As far as I understand DB Merge, if I use “ID” as a WHERE field, and the other fields as SET fields, I will update the timestamp in case (2) which is not the expected behaviour.
I see as a potential solution:

first add all the new records to the table (with the new time stamp)
then groupby on all fields + min(timestamp)
then groupby on ID + max(timestamp) and join with the previous step.

This should work but seems to be compute intensive and is not adapted to most of my use cases. That’s way I am looking for a smarter approach…

szawadski · May 14, 2020, 8:58pm

Thanks for your advices. Unfortunately, this does not fit in my use cases for the following reasons:

I cannot aford loading all data locally - I need to perform the merge on the DB (there are millions of row in some tables)
I want to have something as generic as possible (i.e. I do not want to adapt the query each time I use a new table)

That’s why I think the best solution will come from Knime. Why not to think about a sort of ETL/Datawarehouse extension with this kind of features + logging of the changes in a separate table, etc…

In the meantime, I will test the idea exposed above (ADD rows + double groupby + join).

Thanks anyway for your interest in my question and your help.

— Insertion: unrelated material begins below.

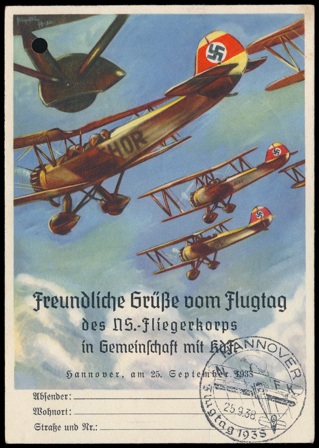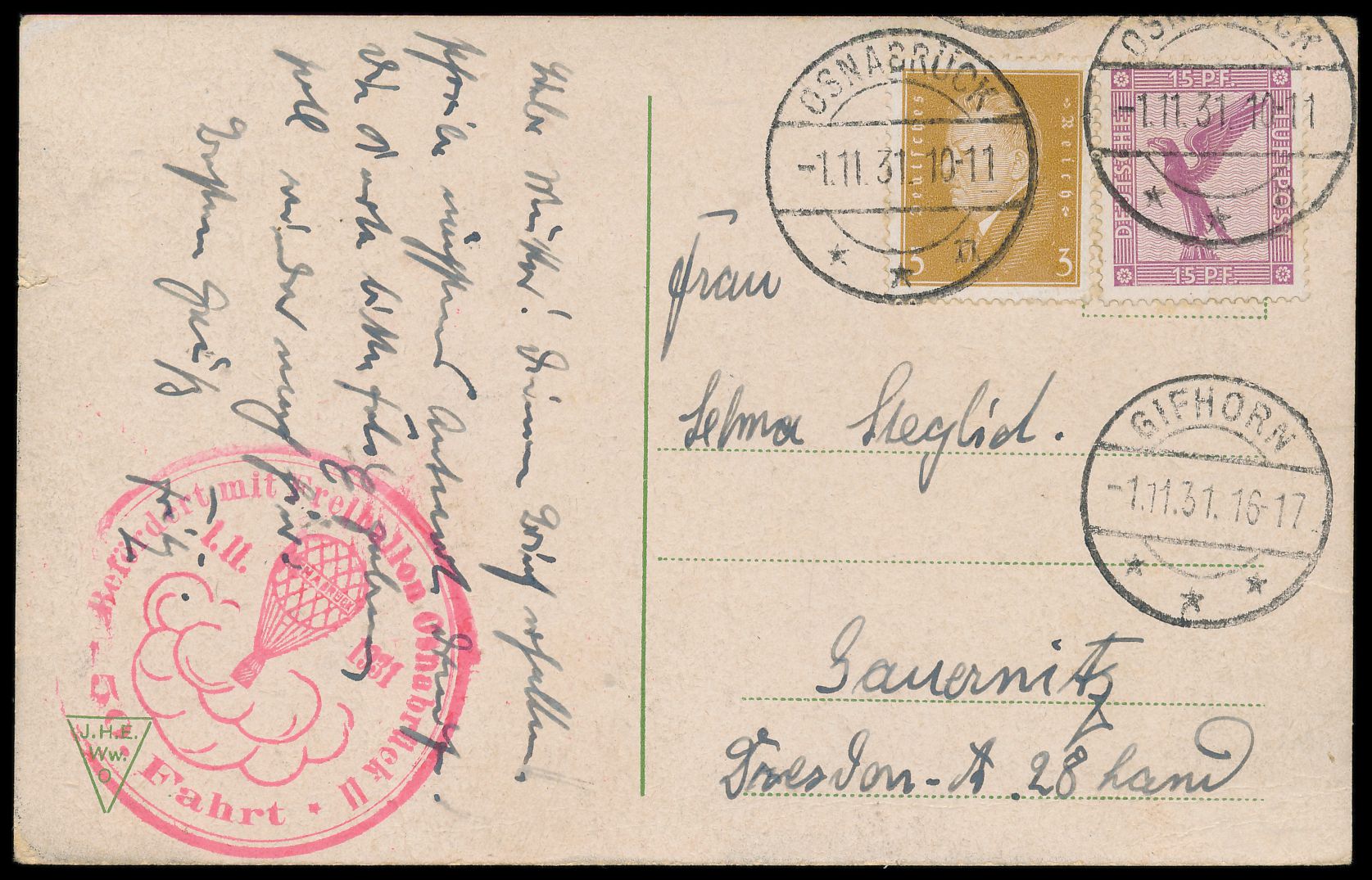 Freiballon Osnabrück II, 3 und 15 Pf. auf Ansichtskarte mit Stempel Osnabrück 1 1.11.31 nach Gauernitz, roter Bestätigungsstempel anlässlich der 50. Fahrt am 1.11.1931, Durchgangsstempel Gifhorn 1.11.31, Bedarf

AnotherFraudUser · May 14, 2020, 9:03pm

then I think your best quess would be the Parameterized DB Query solution
You would just need to set the SQL Statement with a parameter depending on the merge data columns

But good luck with your problem

ipazin · May 15, 2020, 3:53pm

Hi there @szawadski,

tnx for vivid example!

Well you have a record with updated timestamp but none of attributes updated? It can happen while doing ETL (on source you have attributes that have been updated but they are not needed on destination thus you have records that are actually not updated from destination point of view) but wondering how often and should KNIME cover this with a smart approach or ETL designer should take care of this on destination side somehow?

Logic you would need in DB Merge node is actually “Only update if values have changed” and appropriate dialog to choose columns upon which this should be checked. Also regarding deleting/marking data which is not in input table makes sense.

Potential solution seems fine to me!

Br,
Ivan

system · November 14, 2020, 3:54am

This topic was automatically closed 182 days after the last reply. New replies are no longer allowed.